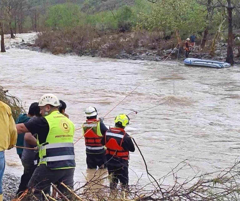 Rescatan a cuatro personas atrapadas por creciente del río Chihue en Jaumave
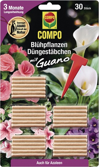 - Die Compo Düngestäbchen für Blühpflanzen enthalten Guano und versorgen die Pflanzen mit allen wichtigen Haupt- und Spurennährstoffen.
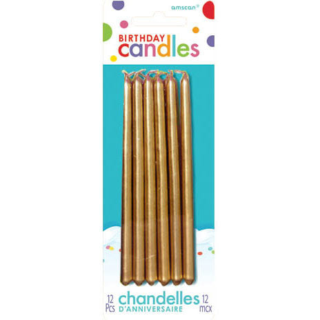 Top off your birthday cake with these beautiful Gold Mini Tapers. These 5" long candles add a simple shimmer to any cake. 12 candles per package.
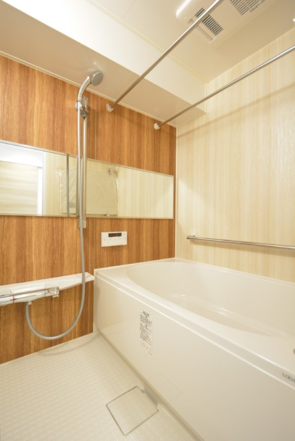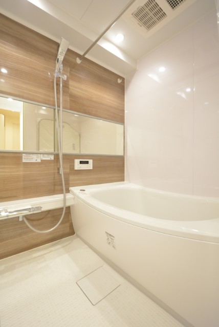 浴室はブラウンのアクセントパネルを使った落ち着いた雰囲気。リラックスしたいバスタイムにはピッタリです。
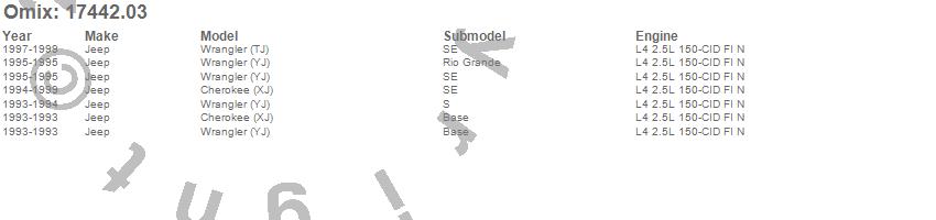 Cherokee (XJ), Wrangler (TJ), Wrangler (YJ), Jeep, 2002, 2001, 2000, 1999, 1998, 1997, 1996, 1995, 1994, 1993
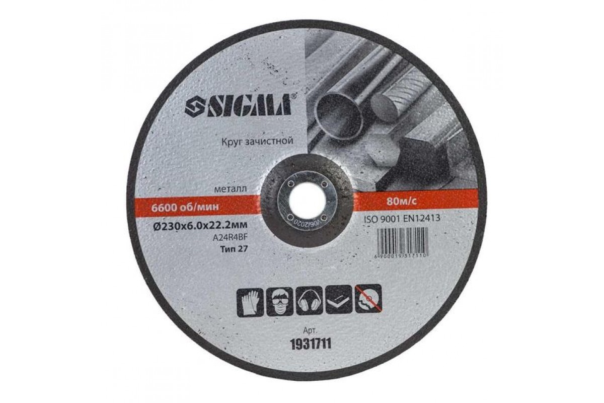 Круг зачисний по металу Ø230×6.0×22.2мм, 6600об/хв SIGMA (1931711) застосовується для шліфування зварних швів і з'єднань після зварювання, для зачистки поверхонь і кромок перед зварюванням, обдирання окалини та видалення іржі. Характеристики: Підходить для кутових шліфмашин всіх класів потужності Армування шарами спеціальної сітки, що забезпечує високу міцність і зносостійкість кола Висока абразивність при самому мінімальному притискному зусиллі Твердість R для застосування в умовах підвищених навантажень Стабільність форми при обробці
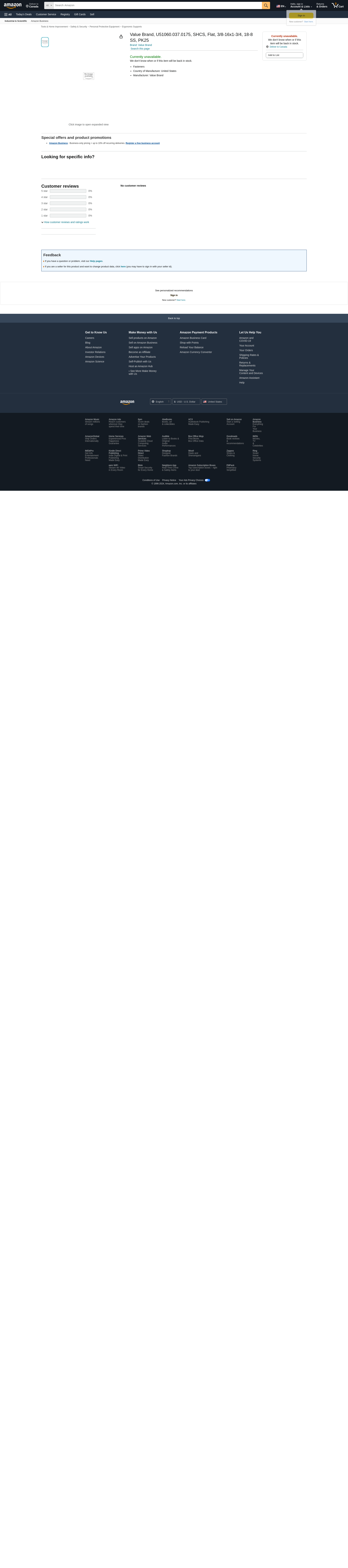 Value Brand, U51060.037.0175, SHCS, Flat, 3/8-16x1-3/4, 18-8 SS, PK25
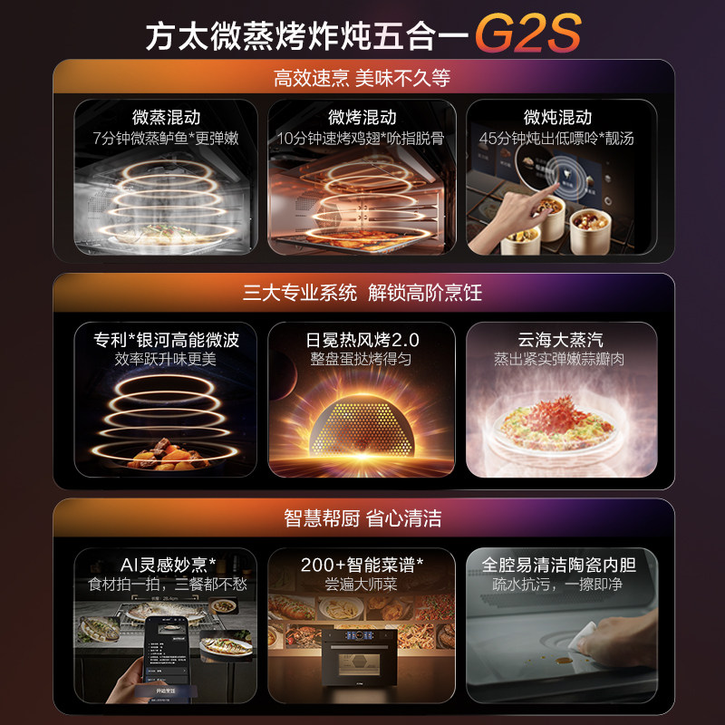 📚 方太微蒸烤一体机G2S嵌入式蒸箱烤箱微波炉蒸烤炖炸五合一
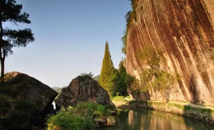 指定地点出发至丽水; 游览远远望去,“犹如焰火烧过,和长江赤壁相似”—【小赤壁】(约1小时);临溪一面绝壁陡峭,红白相间,犹如焰火烧过,故称小赤壁。西边山巅有形态酷肖的婆媳岩、“舅轿岩”相对。内有龙耕路、大肚岩、小蓬莱、仙榜岩、八仙亭、云关、丹室等自然景观,错落有致,山水相融,构成了一幅风光旖旎的画卷……继游览【朱潭山】(约1小时),主要景点有仙堤、晦翁阁、九龙壁、超然亭。
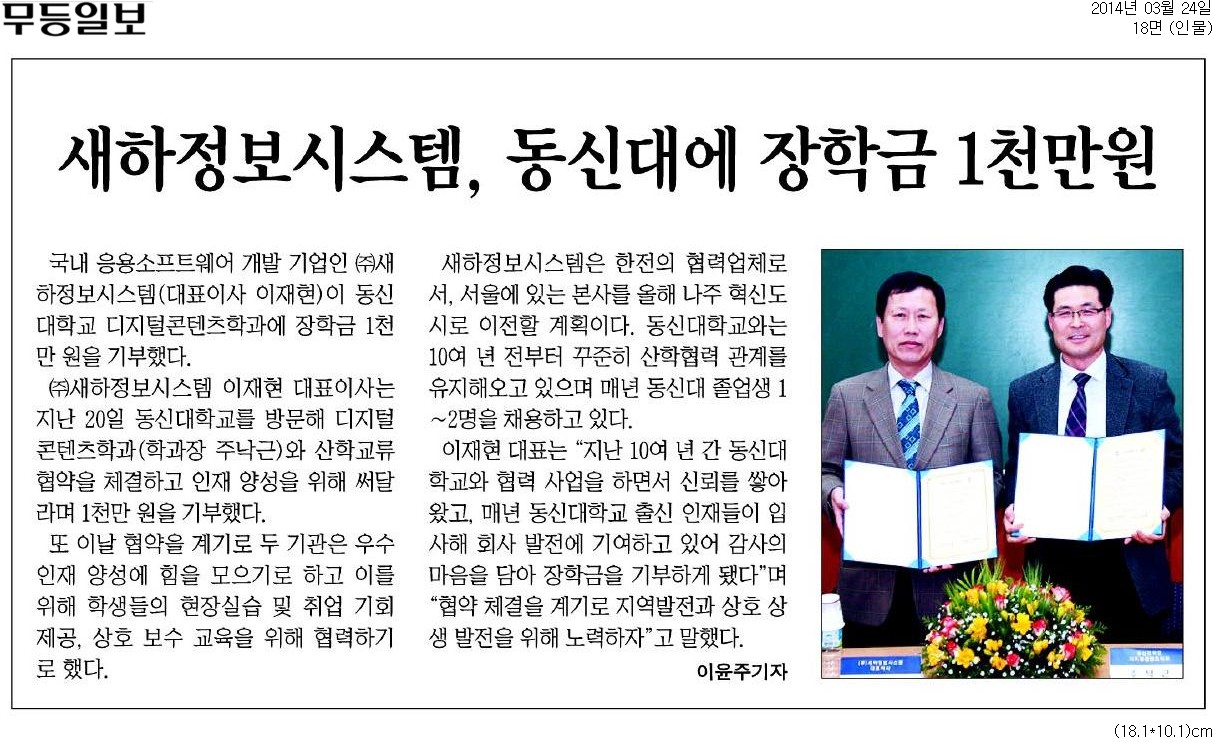 동신대와 산학협력 체결 및 장학금 전달2014. 03. 24 -

* Exercise objective: Keep the pictures out and transcribe the entries exactly.

* Task answer:
 Rescatan a cuatro personas atrapadas por creciente del río Chihue en Jaumave
 - Die Compo Düngestäbchen für Blühpflanzen enthalten Guano und versorgen die Pflanzen mit allen wichtigen Haupt- und Spurennährstoffen.
 Top off your birthday cake with these beautiful Gold Mini Tapers. These 5" long candles add a simple shimmer to any cake. 12 candles per package.
 浴室はブラウンのアクセントパネルを使った落ち着いた雰囲気。リラックスしたいバスタイムにはピッタリです。
 Cherokee (XJ), Wrangler (TJ), Wrangler (YJ), Jeep, 2002, 2001, 2000, 1999, 1998, 1997, 1996, 1995, 1994, 1993
 Круг зачисний по металу Ø230×6.0×22.2мм, 6600об/хв SIGMA (1931711) застосовується для шліфування зварних швів і з'єднань після зварювання, для зачистки поверхонь і кромок перед зварюванням, обдирання окалини та видалення іржі. Характеристики: Підходить для кутових шліфмашин всіх класів потужності Армування шарами спеціальної сітки, що забезпечує високу міцність і зносостійкість кола Висока абразивність при самому мінімальному притискному зусиллі Твердість R для застосування в умовах підвищених навантажень Стабільність форми при обробці
 Value Brand, U51060.037.0175, SHCS, Flat, 3/8-16x1-3/4, 18-8 SS, PK25
 📚 方太微蒸烤一体机G2S嵌入式蒸箱烤箱微波炉蒸烤炖炸五合一
 指定地点出发至丽水; 游览远远望去,“犹如焰火烧过,和长江赤壁相似”—【小赤壁】(约1小时);临溪一面绝壁陡峭,红白相间,犹如焰火烧过,故称小赤壁。西边山巅有形态酷肖的婆媳岩、“舅轿岩”相对。内有龙耕路、大肚岩、小蓬莱、仙榜岩、八仙亭、云关、丹室等自然景观,错落有致,山水相融,构成了一幅风光旖旎的画卷……继游览【朱潭山】(约1小时),主要景点有仙堤、晦翁阁、九龙壁、超然亭。
 동신대와 산학협력 체결 및 장학금 전달2014. 03. 24 -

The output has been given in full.